A typical high schooler wakes up, gets ready and goes to school to receive an education. Most high schoolers gets homework every day, and they tend to stay up every night finishing homework.
Once they finish their homework, they wake up the next day all tired and have no energy for the day. The only way to fix this problem is to limit the school hours and give less assignments so they can achieve their daily amount of sleep every night.
Students across America are not receiving their recommended daily amount of sleep. School timing is a very big issue as nearly four out of five schools in America begin the day before 8:30.
The Center for Disease Control and Prevention has been studying the adverse effects caused by this deprivation of dreaming.
The lead author and epidemiologist among the CDC’s division of population health has stated, “Getting enough sleep is important for students’ health, safety, and academic performance.” They surveyed over 40,000 students of all ages.

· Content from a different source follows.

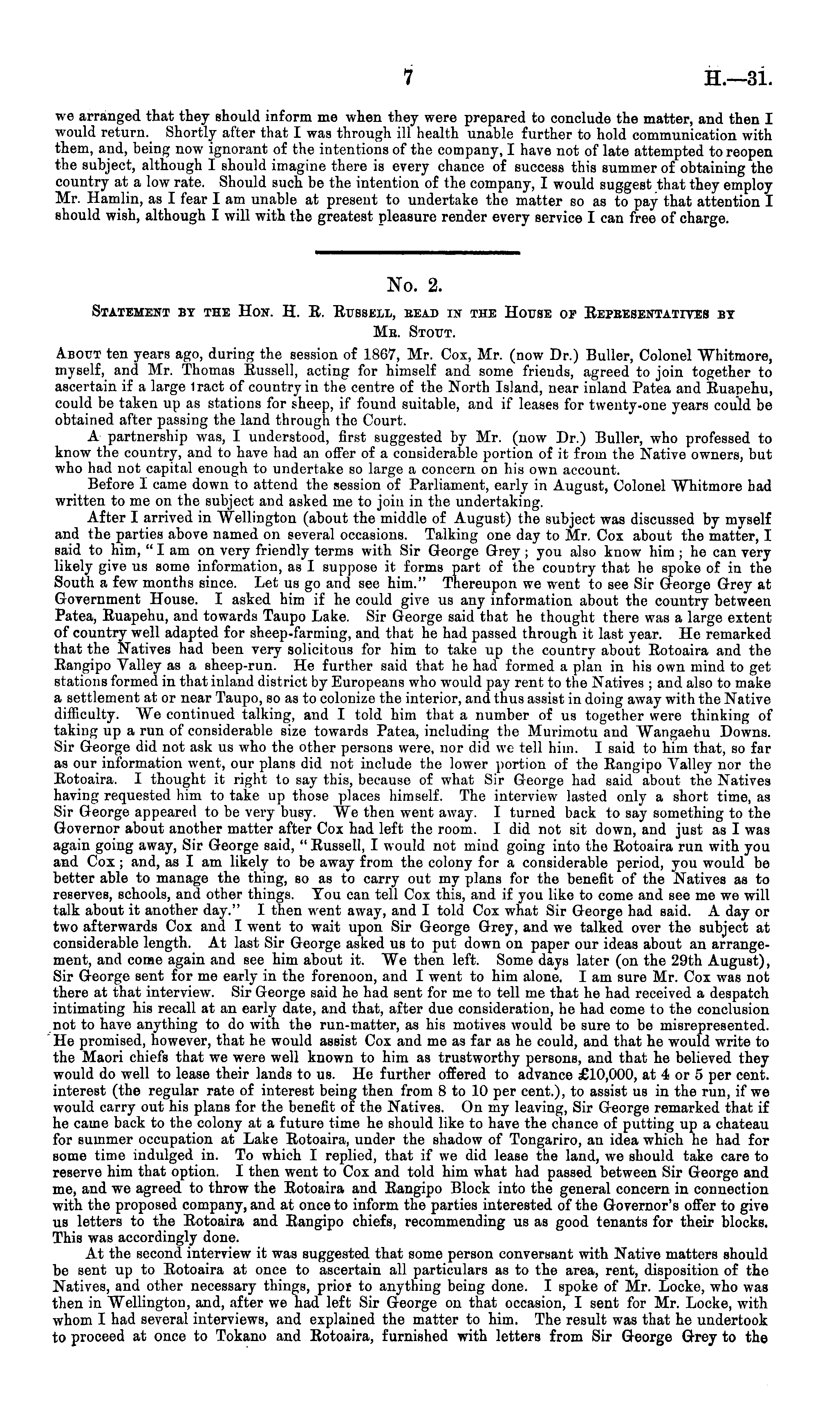 No. 2. Statement by the Hon. H. E. Russell, bead in the House of Representatives by Mb. Stout. About ten years ago, during the session of 1867, Mr. Cox, Mr. (now Dr.) Butter, Colonel "Whitmore, myself, and Mr. Thomas Russell, acting for himself and some friends, agreed to join together to ascertain if a large Iract of country in the centre of the North Island, near inland Patea and Ruapehu, could be taken up as stations for sheep, if found suitable, and if leases for twenty-one years could be obtained after passing the land through the Court. A partnership was, I understood, first suggested by Mr. (now Dr.) Buller, who professed to know the country, and to have had an offer of a considerable portion of it from the Native owners, but who had not capital enough to undertake so large a concern on his own account. Before I came down to attend the session of Parliament, early in August, Colonel Whitmore had written to me on the subject and asked me to join in the undertaking. After I arrived in Wellington (about the middle of August) the subject was discussed by myself and the parties above named on several occasions. Talking one day to Mr. Cox about the matter, I said to him, "I am on very friendly terms with Sir George Grey ; you also know him; he can very likely give us some information, as I suppose it forms part of the country that he spoke of in the South a few months since. Let us go and see him." Thereupon we went to see Sir George Grey at Government House. I asked him if he could give us any information about the country between Patea, Ruapehu, and towards Taupo Lake. Sir George said that he thought there was a large extent of country well adapted for sheep-farming, and that he had passed through it last year. He remarked that the Natives had been very solicitous for him to take up the country about Rotoaira and the Rangipo Valley as a sheep-run. He further said that he had formed a plan in his own mind to get stations formed in that inland district by Europeans who would pay rent to the Natives ; and also to make a settlement at or near Taupo, so as to colonize the interior, and thus assist in doing away with the Native difficulty. We continued talking, and I told him that a number of us together were thinking of taking up a run of considerable size towards Patea, including the Murimotu and Wangaehu Downs. Sir George did not ask us who the other persons were, nor did we tell him. I said to him that, so far as our information went, our plans did not include the lower portion of the Rangipo Valley nor the Rotoaira. I thought it right to say this, because of what Sir George had said about the Natives having requested him to take up those places himself. The interview lasted only a short time, as Sir George appeared to be very busy. We then went away. I turned back to say something to the Governor about another matter after Cox had left the room. I did not sit down, and just as I was again going away, Sir George said, " Russell, I would not mind going into the Rotoaira run with you and Cox ; and, as I am likely to be away from the colony for a considerable period, you would be better able to manage the thing, so as to carry out my plans for the benefit of the Natives as to reserves, schools, and other things. Tou can tell Cox this, and if you like to come and see me we will talk about it another day." I then went away, and I told Cox what Sir George had said. A day or two afterwards Cox and I went to wait upon Sir George Grey, and we talked over the subject at considerable length. At last Sir George asked us to put down on paper our ideas about an arrangement, and come again and see him about it. We then left. Some days later (on the 29th August), Sir George sent for me early in the forenoon, and I went to him alone. lam sure Mr. Cox was not there at that interview. Sir George said he had sent for me to tell me that he had received a despatch intimating his recall at an early date, and that, after due consideration, he had come to the conclusion not to have anything to do with the run-matter, as his motives would be sure to be misrepresented. He promised, however, that he would assist Cox and me as far as he could, and that he would write to the Maori chiefs that we were well known to him as trustworthy persons, and that he believed they would do well to lease their lands to us. He further offered to advance £10,000, at 4or 5 per cent, interest (the regular rate of interest being then from 8 to 10 per cent.), to assist us in the run, if we would carry out his plans for the benefit of the Natives. On my leaving, Sir George remarked that if he came back to the colony at a future time he should like to have the chance of putting up a chateau for summer occupation at Lake Rotoaira, under the shadow of Tongariro, an idea which he had for some time indulged in. To which I replied, that if we did lease the land, we should take care to reserve him that option. I then went to Cox and told him what had passed between Sir George and me, and we agreed to throw the Rotoaira and Rangipo Block into the general concern in connection with the proposed company, and at once to inform the parties interested of the Governor's offer to give us letters to the Rotoaira and Rangipo chiefs, recommending us as good tenants for their blocks. This was accordingly done. At the second interview it was suggested that some person conversant with Native matters should be sent up to Rotoaira at once to ascertain all particulars as to the area, rent, disposition of the Natives, and other necessary things, prior to anything being done. I spoke of Mr. Locke, who was then in Wellington, and, after we had left Sir George on that occasion, I sent for Mr. Locke, with whom I had several interviews, and explained the matter to him. The result was that he undertook to proceed at once to Tokano and Rotoaira, furnished with letters from Sir George Grey to the

Their findings show that since 2007, a steady rate of two thirds of students in schools are not getting an adequate amount of rest. Most teens need about nine hours of sleep a night. The problem is widespread throughout all schooling levels, but the highest rates occur in the older teenagers. Nine hours of sleep is only achievable for “8 percent of high school students... this proportion decreases as school grade level increases.”
Students are progressively damaging their own mental health by not sleeping enough daily. As each year to these students passes by, more and more information is added to the curriculum and more work is required in the same amount of time. This problem is more prevalent and posted among countries using higher levels of devices, but it can also be seen in student across the globe.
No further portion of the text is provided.